== MATERIAL PROVIDED ==
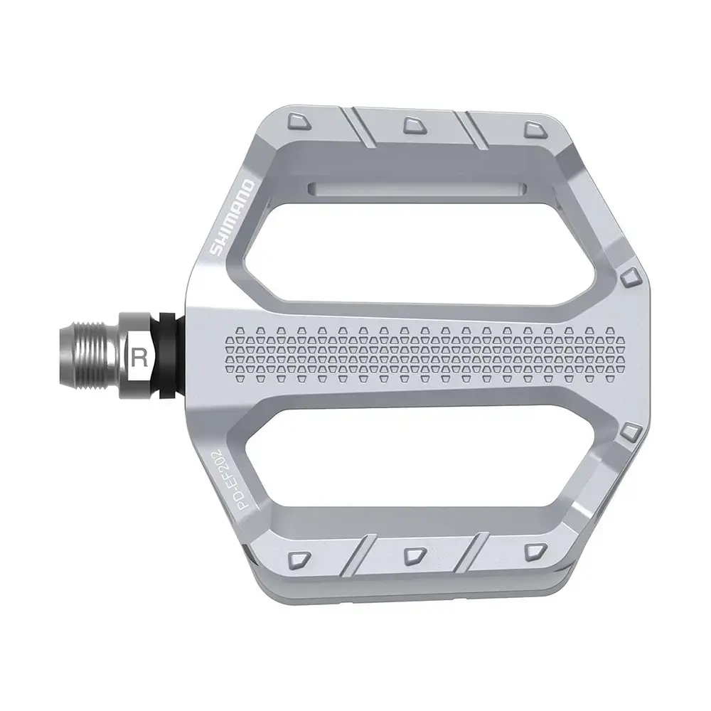 De platte PD-EF202 pedalen van Shimano met een breed aluminium platform en een textuurvlak bieden een stabiele trapervaring voor een alledaagse fietsrit. Deze stevige pedalen zijn bedoeld voor gewone schoenen en zijn ideaal voor sportieve ritten en forenzen. Deze pedalen zijn tevens geschikt voor e-Bikes en speed pedelecs. Voor het gebruik met gladde(re) schoenzolen zijn de PD-EF205 pedalen aan te raden.
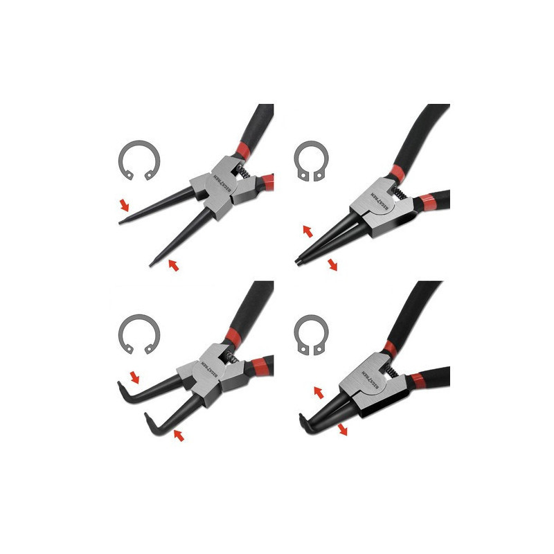 De ez még nem minden! A fogók kiváló minőségű szerszámacélból készültek, így garantáltan tartósak és erősek. Nem számít, milyen nagy nyomás alatt kell dolgoznod, ezek a fogók nem hagynak cserben. A beépített mechanizmus (rugó) pedig lehetővé teszi, hogy könnyedén és kontrolláltan tágítsd vagy szűkítsd a gyűrűket, attól függően, hogy éppen mire van szükséged.
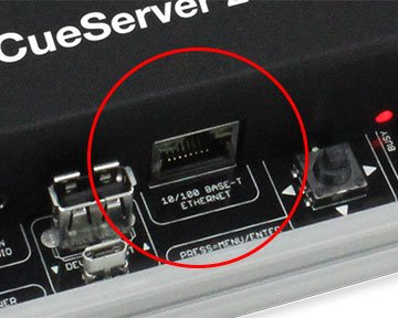 CueServer 2 is an Ethernet-based product. An Ethernet connection to a local network is required to program CueServer using the CueServer Studio 2 software. Additionally, Ethernet is required if a DMX-over-Ethernet protocol (such as sACN, Art-Net, or KiNET) is going to be used to input or output DMX over Ethernet, or to connect to button stations, use the CuePad iOS application or to remotely manage the device. Only if the CueServer has already been programmed and no Ethernet protocols are needed to run the show can the CueServer be used without a network connection.
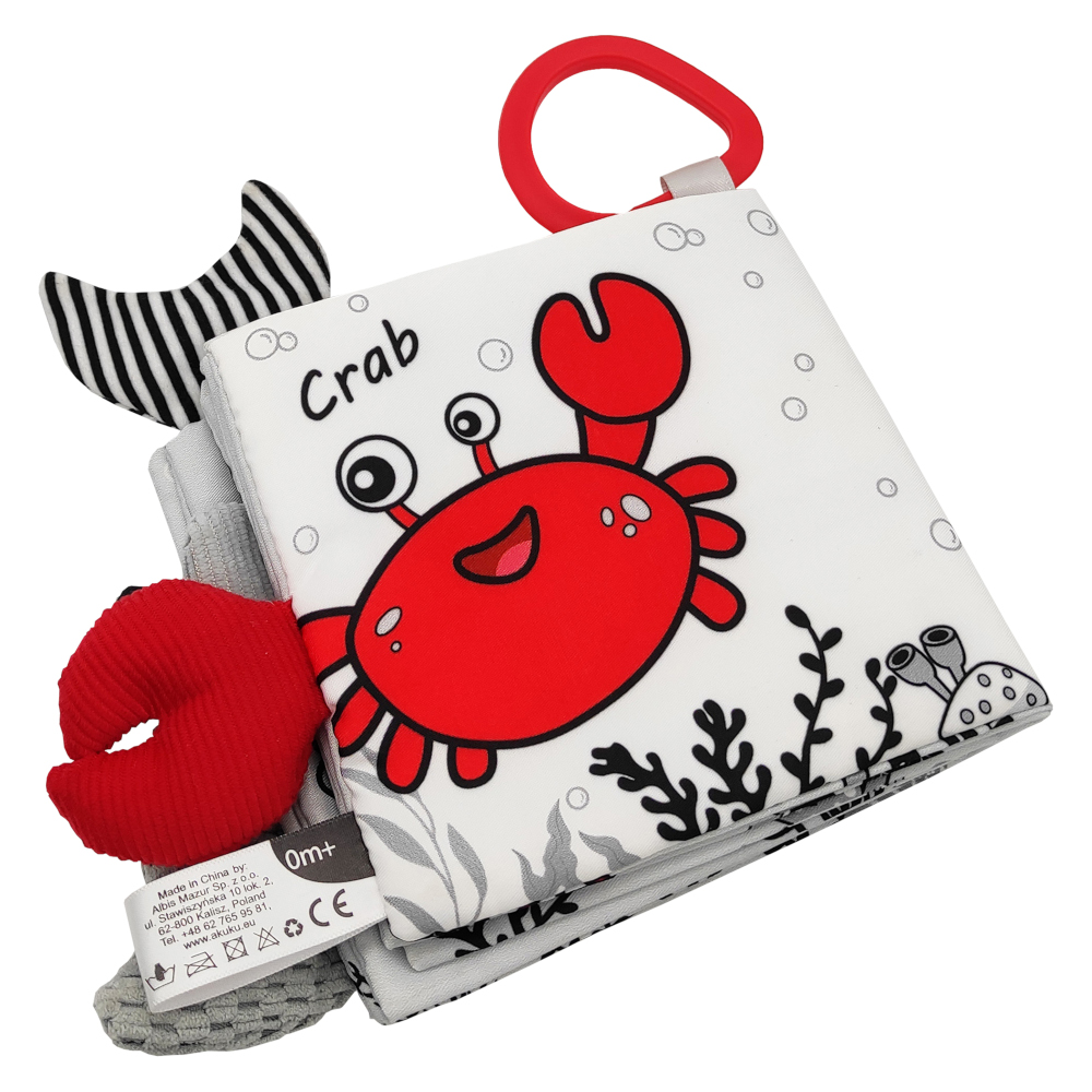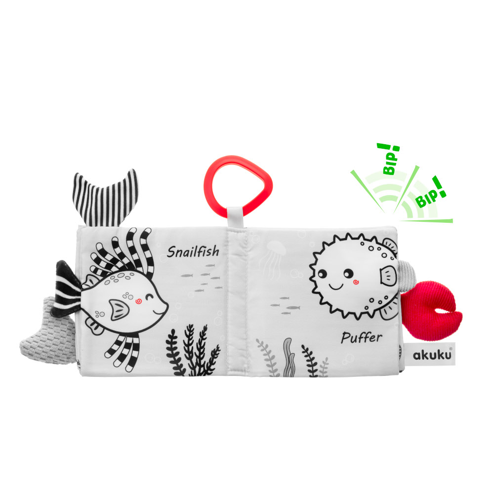Carte senzoriala pentru bebelusi Akuku Marine Animals 12x12 cm,contine elemente fosnaitoare si zornaitoare, stimuleaza coordonarea vizuala, auditiva si motorie fina,clema pentru atasare la carucior/scaun auto/patut
===
[PROBLEM STATEMENT] A verbatim transcription of the listing is expected, with no pictures included.

[EXERCISE RESULT]
 De platte PD-EF202 pedalen van Shimano met een breed aluminium platform en een textuurvlak bieden een stabiele trapervaring voor een alledaagse fietsrit. Deze stevige pedalen zijn bedoeld voor gewone schoenen en zijn ideaal voor sportieve ritten en forenzen. Deze pedalen zijn tevens geschikt voor e-Bikes en speed pedelecs. Voor het gebruik met gladde(re) schoenzolen zijn de PD-EF205 pedalen aan te raden.
 De ez még nem minden! A fogók kiváló minőségű szerszámacélból készültek, így garantáltan tartósak és erősek. Nem számít, milyen nagy nyomás alatt kell dolgoznod, ezek a fogók nem hagynak cserben. A beépített mechanizmus (rugó) pedig lehetővé teszi, hogy könnyedén és kontrolláltan tágítsd vagy szűkítsd a gyűrűket, attól függően, hogy éppen mire van szükséged.
 CueServer 2 is an Ethernet-based product. An Ethernet connection to a local network is required to program CueServer using the CueServer Studio 2 software. Additionally, Ethernet is required if a DMX-over-Ethernet protocol (such as sACN, Art-Net, or KiNET) is going to be used to input or output DMX over Ethernet, or to connect to button stations, use the CuePad iOS application or to remotely manage the device. Only if the CueServer has already been programmed and no Ethernet protocols are needed to run the show can the CueServer be used without a network connection.
Carte senzoriala pentru bebelusi Akuku Marine Animals 12x12 cm,contine elemente fosnaitoare si zornaitoare, stimuleaza coordonarea vizuala, auditiva si motorie fina,clema pentru atasare la carucior/scaun auto/patut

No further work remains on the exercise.